I fought to keep a straight face, but he stared at me for only a moment before releasing a bark of laughter, and I grinned, grabbing my pipe from the mantle.

“Well, have you heard the one about curing a toothache by chewing on a thistle plant?” I asked as I packed some tobacco into the bowl.

He shook his head. “I would expect that to make a toothache worse, but there is a rhyming one I heard last week that may have some truth to it.”

“Oh?” I glanced up, tossing the taper I had used to light my pipe into the fire. “What is that?”

“An apple a day keeps the doctor away.”

I had not heard that one before, and I inhaled when I should have exhaled, nearly choking on the smoke. It took a moment for my initial cough to change to laughter, and Holmes waited, smirking at catching me off guard.

“I imagine it depends on the doctor,” I told him around my laughter, pausing just long enough for him to try to deduce where I was going with this, “and only if the apple is well-aimed.”

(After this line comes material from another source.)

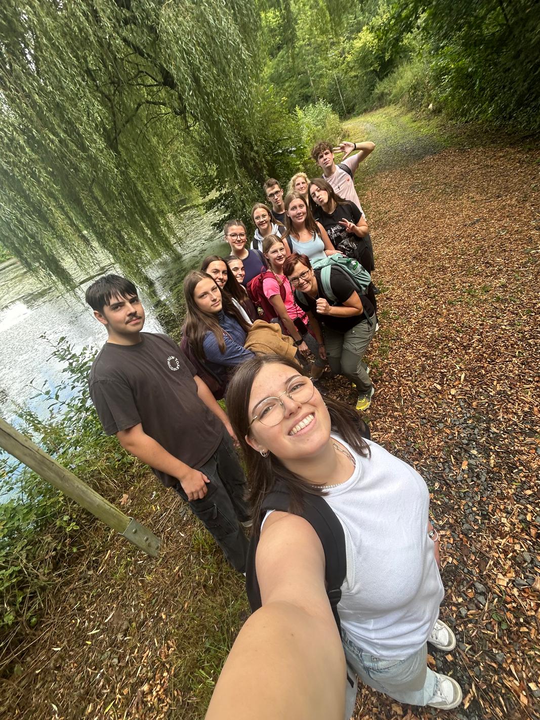 Los ging es an der St.Anna Kirche, dort gab es die ersten Rätsel, die uns zum Kurpark schickten. Beim Zahlung-Buchstabenrätsel war die Lösung das Forsthaus. Weiter ging es für ein Gruppenselfie zum Angelweiher. Von dort mussten wir zum Rewe, dann hatten wir es schon geschafft und wurden mit dem Codewort Hildegard in den HiHo gefahren. Dort gab es ein buntes Programm für uns alle. Zum Abschluss kamen auch die Teilnehmer des “Tag der Regionen" dazu und gemeinsam mit Bischof Bätzing feierten wir einen Gottesdienst auf der Wiese.
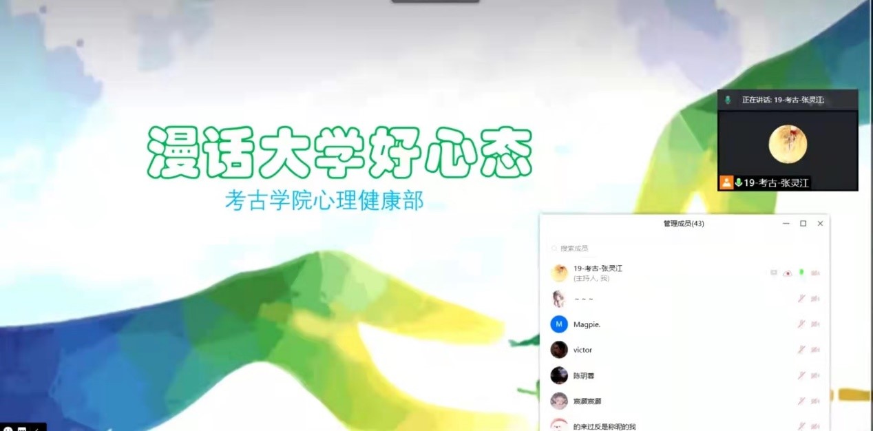 2021年9月17日下午,bat365在线平台登录心理健康部面向2021级新生开展了“漫话大学好心态”主题云活动。本次活动的主要目的在于向广大新生宣传心理健康知识,引导和帮助新生做好学业规划,培养新生树立起自信自立、乐观向上、奋发有为的精神品格,为即将开启的大学新生活做好心理准备。活动邀请了18级考古专业田玉峰、19级考古专业温景超、19级文博专业赖琳、20级考古专业薛雯心和汤颖欣共五位发言人,分别就大学期间的学习感悟与良好心态养成等问题进行了经验分享。2021级部分新生同学参加了此次线上交流会。

He had obviously not been thinking of the saying’s other possible meaning, but it took him only a moment to flip the words in his mind, and he laughed heartily before voicing yet another superstition. I would have to watch out for flying apples for the next couple of days, but catching him by surprise twice in the space of a few minutes had been well worth it.

Or so I told myself three days later, when I entered the sitting room to find him futilely trying to juggle three heavily bruised apples—which he promptly launched in my direction.

He was not as amused when he discovered I could actually juggle them.